With pictures excluded, copy word for word the lines in the data below from the line containing "Calibrate the pH" through the line containing "模具总装图绘制完成后,可自动".

• LISTED RECORDS
::::
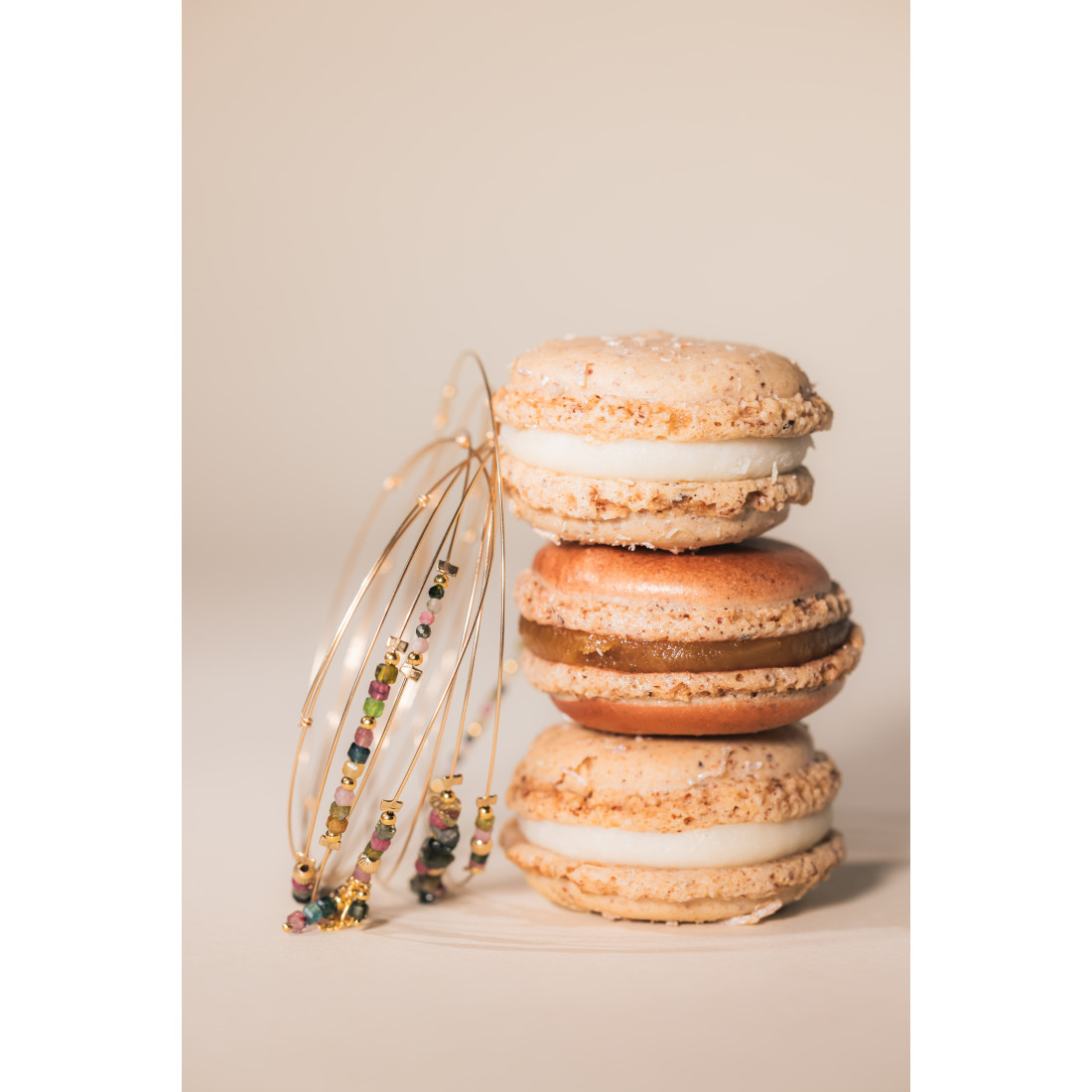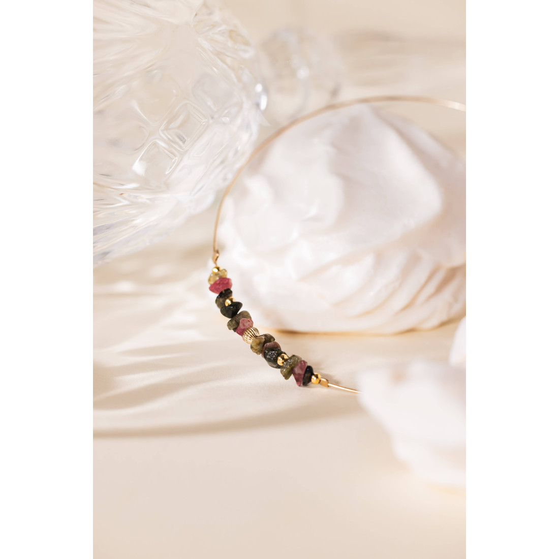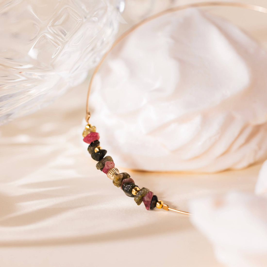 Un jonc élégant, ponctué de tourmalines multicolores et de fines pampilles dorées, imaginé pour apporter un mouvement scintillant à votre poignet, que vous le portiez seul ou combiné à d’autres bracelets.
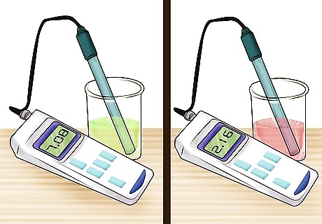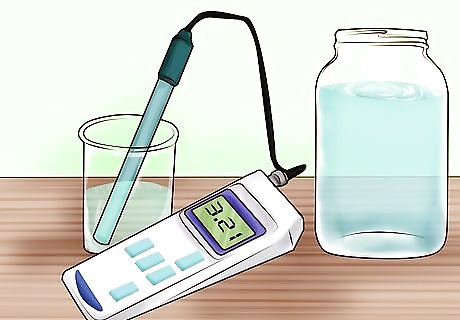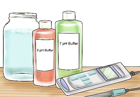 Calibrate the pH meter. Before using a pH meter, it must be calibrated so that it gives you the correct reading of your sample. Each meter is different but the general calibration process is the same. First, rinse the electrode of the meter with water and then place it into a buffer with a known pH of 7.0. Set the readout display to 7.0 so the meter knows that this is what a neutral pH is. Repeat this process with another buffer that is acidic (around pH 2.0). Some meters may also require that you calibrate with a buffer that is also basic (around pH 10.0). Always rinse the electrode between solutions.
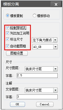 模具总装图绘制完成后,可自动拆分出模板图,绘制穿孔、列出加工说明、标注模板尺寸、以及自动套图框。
::::
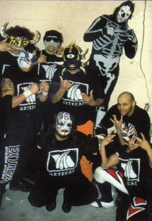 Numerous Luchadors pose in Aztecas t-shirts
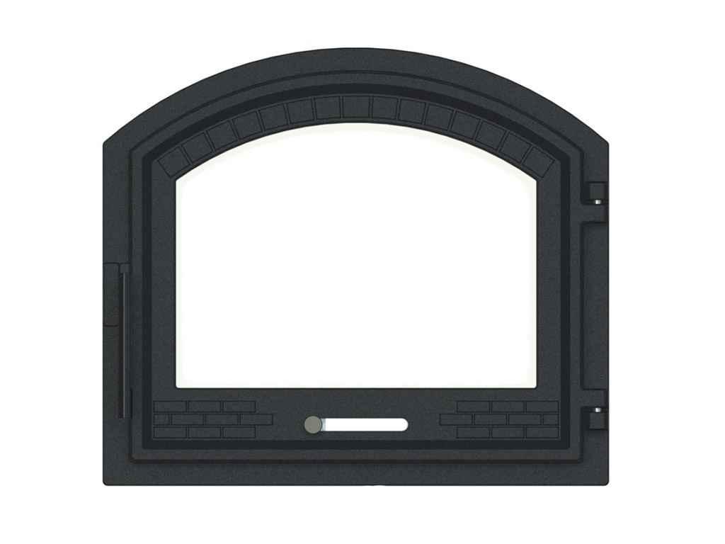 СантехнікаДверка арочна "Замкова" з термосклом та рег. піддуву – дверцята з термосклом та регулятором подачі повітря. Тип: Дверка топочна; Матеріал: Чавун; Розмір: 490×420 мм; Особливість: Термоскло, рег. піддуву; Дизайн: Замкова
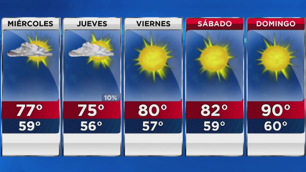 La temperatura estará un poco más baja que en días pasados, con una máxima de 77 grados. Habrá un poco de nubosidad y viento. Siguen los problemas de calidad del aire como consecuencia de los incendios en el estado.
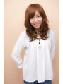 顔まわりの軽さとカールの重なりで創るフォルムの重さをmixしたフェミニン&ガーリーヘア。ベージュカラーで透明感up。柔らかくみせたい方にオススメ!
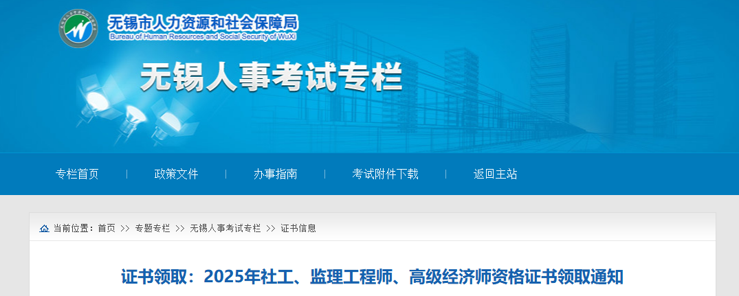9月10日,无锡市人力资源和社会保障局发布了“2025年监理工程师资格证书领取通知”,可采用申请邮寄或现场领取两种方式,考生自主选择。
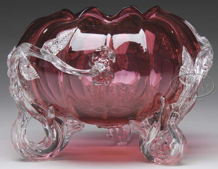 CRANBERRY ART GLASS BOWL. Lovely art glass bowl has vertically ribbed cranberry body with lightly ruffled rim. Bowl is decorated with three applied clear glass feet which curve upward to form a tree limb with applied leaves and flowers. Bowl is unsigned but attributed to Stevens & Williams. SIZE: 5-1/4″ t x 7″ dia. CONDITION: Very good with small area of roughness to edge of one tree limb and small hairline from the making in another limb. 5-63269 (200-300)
::::
• EXPECTED ANSWER
 Calibrate the pH meter. Before using a pH meter, it must be calibrated so that it gives you the correct reading of your sample. Each meter is different but the general calibration process is the same. First, rinse the electrode of the meter with water and then place it into a buffer with a known pH of 7.0. Set the readout display to 7.0 so the meter knows that this is what a neutral pH is. Repeat this process with another buffer that is acidic (around pH 2.0). Some meters may also require that you calibrate with a buffer that is also basic (around pH 10.0). Always rinse the electrode between solutions.
 模具总装图绘制完成后,可自动拆分出模板图,绘制穿孔、列出加工说明、标注模板尺寸、以及自动套图框。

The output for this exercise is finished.